Child Internalizing and Child Externalizing Behaviors

Child internalizing behaviors and child externalizing behaviors were measured using the Behaviors Problems Index (BPI) which was the one instrument added to the study that was not in the parent study. The BPI is a 28 item; 3 point ordinal parent response scale that addresses type, range, and frequency of children’s behaviors and is used with children from ages 4–17 (Guttmannova, Szanyi, & Cali, 2008; Peterson & Zill, 1986). Each behavior is rated as: often true = 1, sometimes true = 2, not true = 3. Higher scores indicate more behavioral problems. The Spanish version of the BPI that was used in this study has been used by the U.S. Bureau of Labor Statistics successfully from 1997 to present (National Longitudinal Surveys, 2013). The BPI has an externalizing behavior subscale of 16 items and an internalizing behavior subscale of 8 items. Three items are unique in that they load simultaneously for both internalizing and externalizing behaviors, and 1 item in the scale does not load on either of the externalizing or internalizing dimensions. The tool has demonstrated good internal consistency for the overall tool, α = .90; the externalizing subscale α = .87, as well as the internalizing subscale, α = .79 (Fagnano, Conn, & Halterman, 2008).

Caregiver Emotional Functioning QOL: ACT Instrument

Caregiver emotional functioning QOL was measured using a 9 item subscale of Juniper’s PACQLQ 7 point scale (1 = all of the time to 7 = none of the time) which measures caregiver emotional functioning related to their children’s asthma. Higher scores indicate greater emotional functioning QOL. Reliability was supported with an intra-class correlation coefficient for the emotional functioning subset at .80 (Juniper et al., 1996a). The PACQLQ has been validated for use with families that speak Spanish (Canino et al., 2008).
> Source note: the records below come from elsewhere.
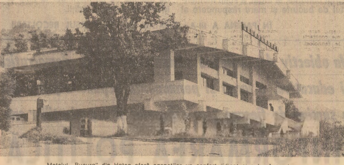
Motelul „Bucura” din Hateg ofera ospaților un confort ridicat și o bună servire
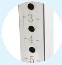
Réglages gradués précis
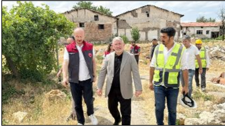
Restorasyon kapsamında kalenin bedenlerinin restorasyonu, aydınlatması ve etrafının drenaj hattı yapılacak.

Kültür ve Turizm Bakanlığının restorasyon çalışmalarına çok büyük katkısını olduğunu dile getiren Aşgın, "Kültür ve Turizm Bakanlığının kalemizde incelemelerde bulundu. Güzel düşünceleri ve tavsiyeleri oldu. Onları da dikkate alacağız. Bakanlığımız ilk etapta 10 milyon destek vereceğini açıklamıştı, bunu 30 milyon liraya çıkardı. Kültür ve Turizm Bakanlığının katkılarıyla, teknik ekibimizin katkılarıyla dünyanın merkezinde kalemizi tüm ihtişamıyla gün yüzüne çıkaracağız" diye konuştu. (İHA)
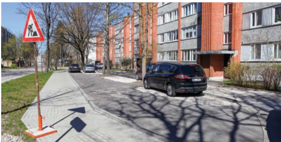
Seguma atjaunošanas darbi uzsākti vienā no Kauguru iekškvartāļiem – Slokas ielā 29.
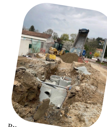
Rue su Simon : création des canalisations d'eaux pluviales, rénovation de canalisation d'assainissement
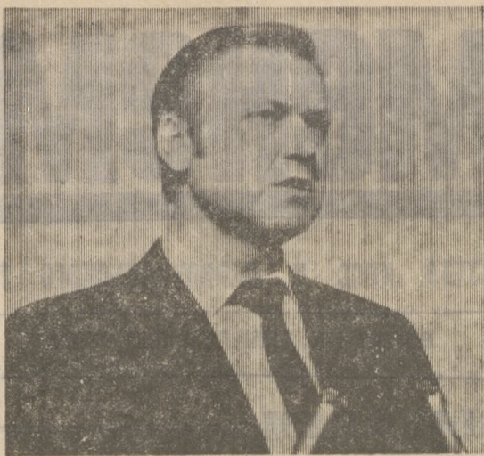
* Портрет современника: «КАКИЕ МЫ ЕСТЬ?»

А чем, скажем, рождена предстоящая повестка дня? Казалось бы, нет оснований для тревоги. Ведь на предприятии сложилась школа передового опыта по внедрению хозрасчета и его элементов, в то время как отдельные экономические
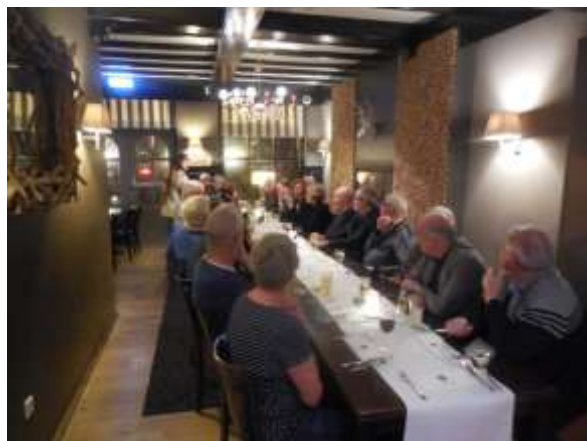
Dank aan de vrijwilligers maandag 15 januari 2018
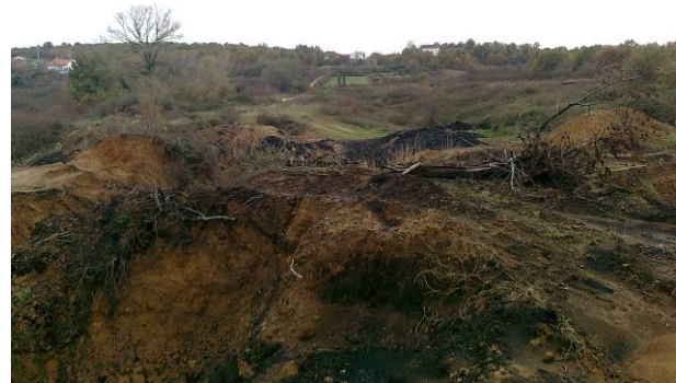
Slike 4. i 5. Detalji terena

Analizom posjedovnih odnosa i namjene površina definiranim u posjedovnim listovima, utvrđeno je da se u smislu namjene korištenja veći dio predmetnih parcela vodi kao neplodno zemljište (75 %), a ostali dio kao pašnjaci i njive.
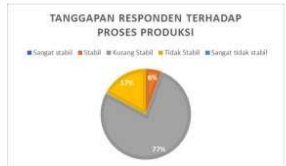
Gambar 4. Proses Produksi

Responden sebanyak 27 UMKM atau dengan persentase 77% menjawab kurang stabil atas.
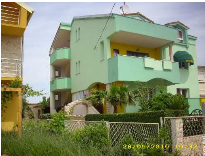
Propriété de Charme
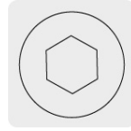
Entrada para llave allen
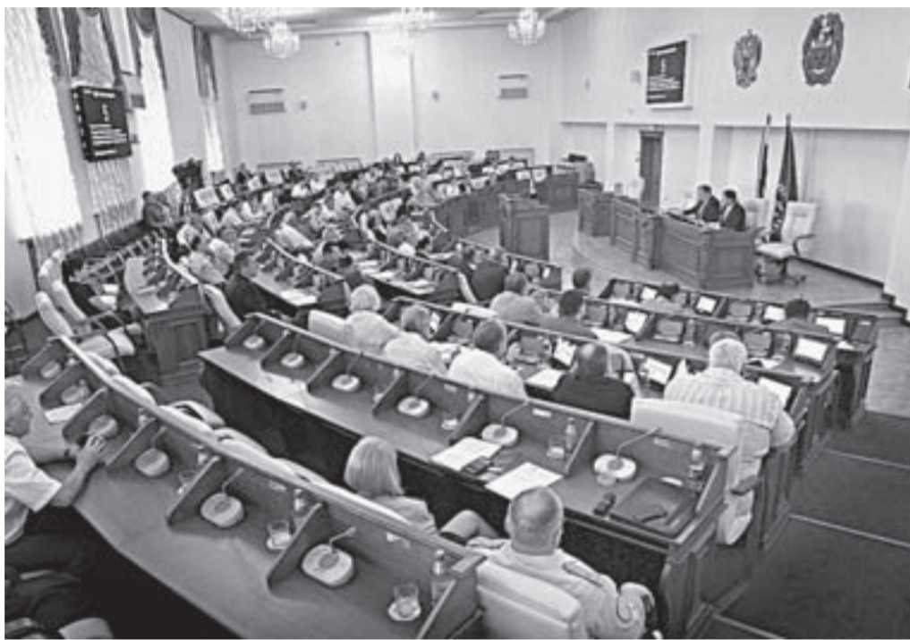
На внеочередной сессии депутаты в общей сложности рассмотрели девять вопросов.

ние о создании общественного совета в сфере закупок при Алтайском краевом Законодательном Собрании. Как известно, в парламенте ведется работа по осуществлению закупок товаров, услуг для обеспечения государственных нужд. Поэтому необходимо принять документы по нормированию указанной деятельности, которые должны пройти процедуры общественного обсуждения и рассмотрены общественным советом.
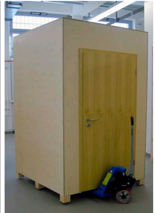
Malerübungskabinen, geschlossene Bauweise, mobile oder stationäre Ausführung
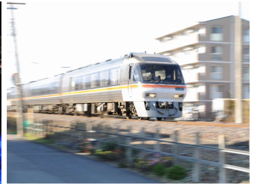
ワイドビューみだ / 岐阜市領下
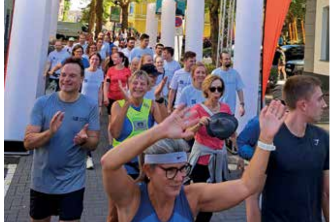
Zieleinlauf beim Hospizlauf.

Ein großer Dank geht an Petrus, der uns für beide Laufevents das richtige Wetter geschickt hat, und den Veranstaltern und den Teilnehmenden noch einmal einen letzten schönen Sonntag beschert hat.
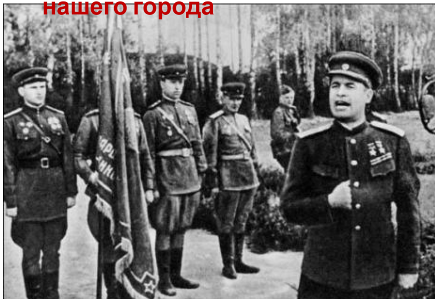
Дважды Герой Советского Союза Черняховский И. Д.

Их знают и помнят воронежцы. Их именами названы улицы нашего города
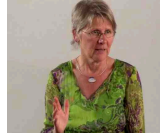
9. Kapital Geld
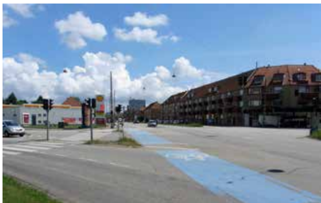
Krydset Roskildevej og Peter Bangs Vej med tankstationen til venstre og den gule karrébebyggelse på 3-3½ etage til højre i billedet.

Lokalplanområdet er biltrafikalt velbeliggende, og der er cykelstier langs Roskildevej og Peter Bangs Vej. Der kan køres ind til opbevaringscentret og dagligvarebutikken fra både Roskildevej og Peter Bangs Vej. På grund af en
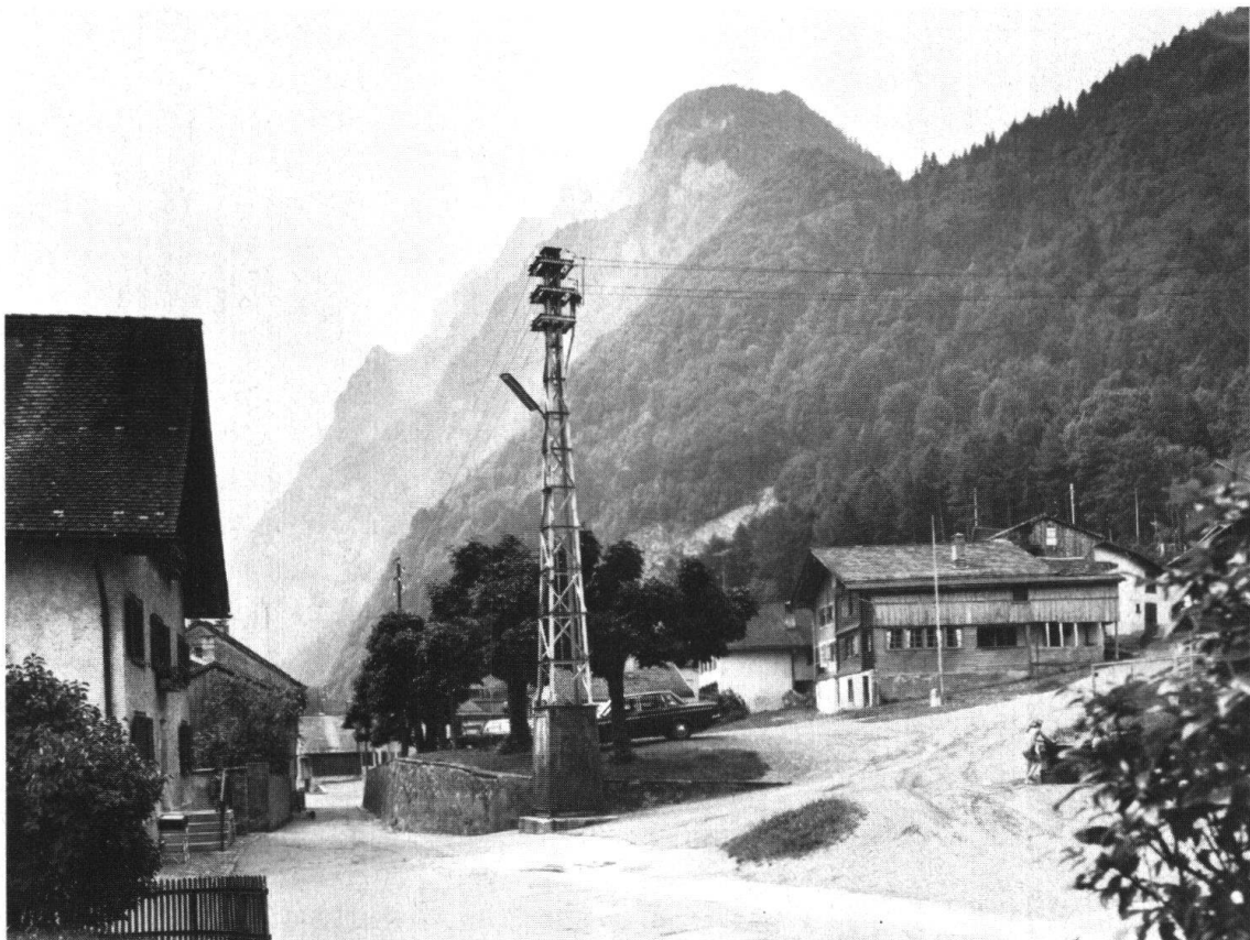
Näfels. Fahrtsplatz. Heutiger Zustand, der nach der alten Vorlage saniert werden soll; der hässliche Elektromast soll verschwinden
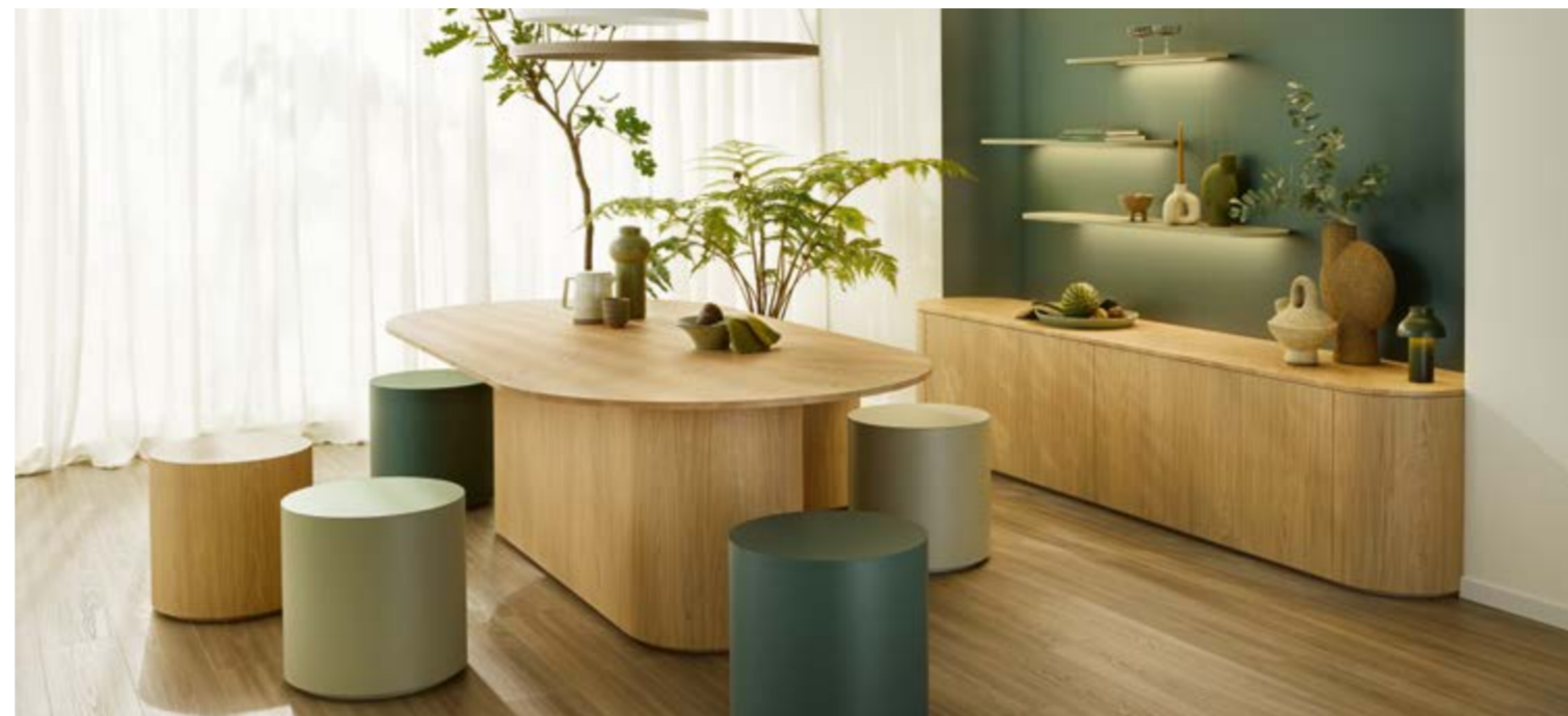
Neu entwickelte Synchronporen-Oberfläche ST40 Feelwood Oakgrain. Nuova superficie ST40 Feelwood Oakgrain con un poro sincronizzato.

Tra le novità, la superficie ST2 Smoothtouch Pearl è stata sostituita dalla ST7 Smoothtouch Fine Pearl, caratterizzata da un grado di lucentezza più ridotto. Inoltre, il decoro W911 Bianco crema è stato sostituito con il W990 Bianco cristallo, offrendo tonalità di bianco più neutre e superfici più lisce e opache.

Child Emotional Functioning QOL: ACT Instrument

Child emotional functioning QOL was measured using an 8 item subscale of Juniper’s PAQLQ which was revised from a 7 to 5-point Likert response set (1 = never; 5 = always) for children’s ease of understanding (Horner et al., 2012); Higher scores indicate worse emotional functioning QOL. Questions focus on emotional experiences related to asthma in the last week (Juniper et al., 1996b; Petteway, Valerio, & Patel, 2011). Reliability has been supported with an intra-class correlation coefficient of .89 (Horner et al., 2012); internal consistency has been demonstrated with α = .88 (females; N=119); α = .90 (males: N = 153) in children ages 7–17 (Wood et al., 2007).

Data Analysis

The Statistical Package for the Social Science (SPSS Statistics 20) was used to analyze the data collected in this study. The level of significance that was selected for this study was α = .05. Prior to performing the statistical analysis, data screening steps were taken to examine the data for entry errors, missing values, and outliers of undue influence. Entry errors were checked and corrected by returning to the original survey instruments if there was a questionable entry. Data screening checks included checking assumptions of linearity, normal distribution of errors, homoscedasticity, and multicollinearity. Reliability checks of all survey instruments were run using Cronbach’s α (Field, 2009).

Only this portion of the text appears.